Reluctantly I am back on the dating scene. I said I would never, ever do this online thing again. Ever. Like I really meant I’d rather have a root canal minus drugs and have my hair on fire before doing this again, yet here I am. Why? I meet almost no one single. I live in the ‘burbs where it’s all married folk and old older folks. I also go to the grocery during senior citizen hour and my gym is where I work out and I really can’t distract myself because I don’t want to be there anyway. Work guys are off limits and honestly I don’t think we really have any here (Bueller, Bueller…). Church- let’s be honest I feel really guilty, like really guilty looking for a guy at church. I should be concentrating on getting my Jesus on and instead I’m trying to see if ‘he’ has a ring on. What’s left? Friends? Trust me I’ve hit them all up asking if they know anyone. Holding a sign up on I-25? Desperate. My mystery golfer that I was convinced I was going to meet and fall in love with? Never happened. Hence why I’m back online. Is it better than last time? Nope. Are there some of the same guys cruising around that were there last time? Yep, but maybe they think that about me? Or have they been circling the drain this whole time?? Not really sure on that one.

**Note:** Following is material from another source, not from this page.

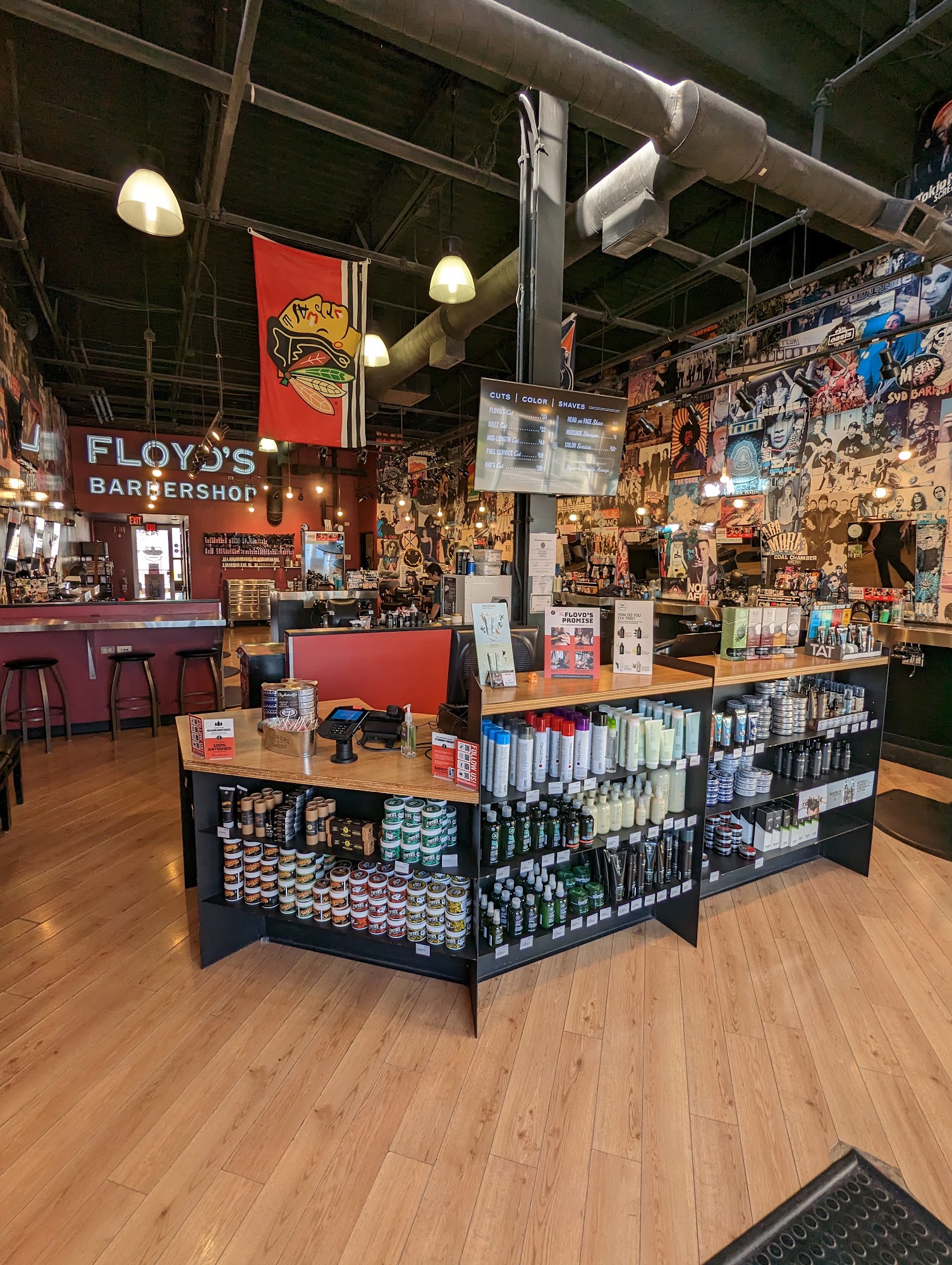 Floyd's 99 Barbershop in Park Ridge, IL offers a wide range of services, including expert haircuts, hair color, beard trims, straight-razor shaves, and signature deep shoulder massages. The shop also carries the Floyd's 99 Grooming line and other professional retail styling products. Customers praise the staff for being attentive, knowledgeable, and entertaining, with skilled stylists like JP and Victoria S. receiving high praise for their meticulous work and ability to deliver incredible results. The shop values customer service, often providing discounts when clients have to wait longer than expected, which many customers appreciate. The atmosphere combines a punk rock vibe with a lively, eclectic décor reminiscent of a garage and venue, creating an energetic environment for grooming. The barbershop emphasizes personalized service, with professionals dedicated to making each client look and feel their best. Overall, Floyd's 99 Barbershop in Park Ridge provides a grooming experience that blends expert cuts, vibrant atmosphere, and a strong commitment to customer satisfaction.

This time online I said I would do things radically different. I set up my parameters super tight to reflect what I really wanted and didn’t want. Some people might say I’m being picky, but I’d honestly rather be single than be in a dating situation that I would regret. I have learned a lot since the last time I dated online. I see a red flag in the profile and it’s a swipe left! For those folks that are happily coupled – left is the swipe of death. I swipe left a lot. I’m not compromising on the basics this time around. It’s difficult too, because I know that some of these guys I might meet out and like them based on their personality. Unfortunately in the swiping world, personality doesn’t come across UNLESS they’ve taken the time to write a stellar profile. I have had that happen and decided to swipe right. I swipe right a lot less than I did in the past. Then I even reevaluate my right swipes and thin out the very small heard. Online dating sucks.
Also, this time around I don’t meet anyone unless I’m really interested in them AND I’ve heard their voice. A Mickey Mouse voice is a total turn-off and I can’t do it. I also have to see and hear if that person can have a conversation. I have learned that there are great texters who are a deer in the headlights in person. The last guy I had dinner with tested all my communication skills. My girlfriends told me, “You can talk to a tree.” After that one – Tree-1 Me-0. Oh and he wouldn’t make eye contact and chewed on his finger. Awesome. Why did I agree to dinner?
I admit after the short time that I’ve been back online I’m already over it. I’ve seen enough hiking, fishing, biking, running and beer pictures to last me a lifetime. I’ve heard that the women don’t post these same types of pictures. Apparently I’m also one of the few women without a bikini or lingerie picture online. Really? That’s not happening. I still don’t know if this is true or if this guy was just testing me to see if I’d send him one. I didn’t. I sent him a picture of my shoe. Should have swiped left.